Interest expense was $91,346 for the six months ended June 30, 2018 compared to $22,731 as of June 30, 2017. The increase is attributable to interest paid on the borrowings from the bank line of credit which was secured in March 2017.
Amortization of deferred financing costs was $18,654 for the six months ended June 30, 2018 versus $10,881 in the same period last year.
Other income for the six months ended June 30, 2018 was $18,905 compared to $11,738 for the same period last year. The increase is primarily attributable to miscellaneous payments received in the respective periods.
Net Loss
As a result, net loss for the six months ended June 30, 2018 was $4,402,524, or $0.08 per common share, compared to a net loss of $2,954,247, or $0.06 per common share, for the comparable period last year.
Liquidity and Capital Resources
Our cash balances and liquidity throughout the six months ended June 30, 2018 were adequate to meet operating needs. At June 30, 2018, we had working capital of $910,361 compared to $7,762,363 at December 31, 2017. The decrease in working capital is primarily attributable to funding operations, higher unearned revenue and debt being reclassified from long-term to current because of its maturity date.
For the six months ended June 30, 2018, net cash used in operating activities was $3,590,261 compared to net cash used in operating activities of $2,513,106 for the comparable period last year. The increase in cash used in operating activities is due to higher accounts receivable and inventory purchases which is offset by higher unearned revenue.
Net cash used in investing activities for the six months ended June 30, 2018 was $243,135 compared to net cash used in investing activities of $45,098 for the comparable six months last year. The increase for the six months ended June 30, 2018 was primarily due to the acquisition of property and equipment
.
Net cash provided by financing activities for the six months ended June 30, 2018 was $32,852 compared to net cash provided by financing activities of $3,118,447 for the comparable period last year. The change is primarily due to borrowings on the line of credit in the prior year.
We expect to fund our operations over the next year from existing cash and cash equivalent balances, cash generated from operations, and bank financing resources.

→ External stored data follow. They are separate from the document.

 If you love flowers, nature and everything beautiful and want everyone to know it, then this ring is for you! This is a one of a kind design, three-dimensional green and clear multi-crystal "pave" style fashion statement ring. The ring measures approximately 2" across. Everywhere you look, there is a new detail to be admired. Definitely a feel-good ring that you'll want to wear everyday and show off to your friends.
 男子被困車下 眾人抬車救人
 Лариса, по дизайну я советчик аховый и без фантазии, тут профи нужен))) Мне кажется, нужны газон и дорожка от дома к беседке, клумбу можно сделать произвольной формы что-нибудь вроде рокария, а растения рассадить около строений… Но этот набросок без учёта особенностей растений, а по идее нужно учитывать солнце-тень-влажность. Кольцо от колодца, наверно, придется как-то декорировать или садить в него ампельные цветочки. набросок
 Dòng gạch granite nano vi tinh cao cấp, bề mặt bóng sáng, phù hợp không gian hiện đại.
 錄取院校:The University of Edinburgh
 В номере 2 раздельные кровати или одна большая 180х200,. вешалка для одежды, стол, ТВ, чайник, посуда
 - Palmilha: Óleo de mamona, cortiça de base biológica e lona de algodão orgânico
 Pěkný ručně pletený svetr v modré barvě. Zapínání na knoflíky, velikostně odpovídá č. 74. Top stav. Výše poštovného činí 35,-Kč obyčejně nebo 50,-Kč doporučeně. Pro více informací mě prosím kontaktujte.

On March 15, 2017, the Company entered into a non-revolving line of credit with a lender for $5.6 million. The interest rate is variable based upon the one month LIBOR rate plus 4.0% per annum on the outstanding balance. The non-revolving line of credit will expire on March 15, 2019 and the amounts repaid during the term of the loan may not be re-borrowed. At the expiry date, all outstanding principal and interest are due.

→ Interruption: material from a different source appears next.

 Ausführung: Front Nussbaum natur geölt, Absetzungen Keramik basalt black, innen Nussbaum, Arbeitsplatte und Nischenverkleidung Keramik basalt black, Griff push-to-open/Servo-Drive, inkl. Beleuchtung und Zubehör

For additional information, see Note 10 of the Consolidated Condensed Financial Statements. Although we expect to manage our operations and working capital requirements to minimize the future level of operating losses and working capital usage, our working capital requirements may increase in the future. If customer demand accelerates substantially, our working capital requirements may also increase substantially.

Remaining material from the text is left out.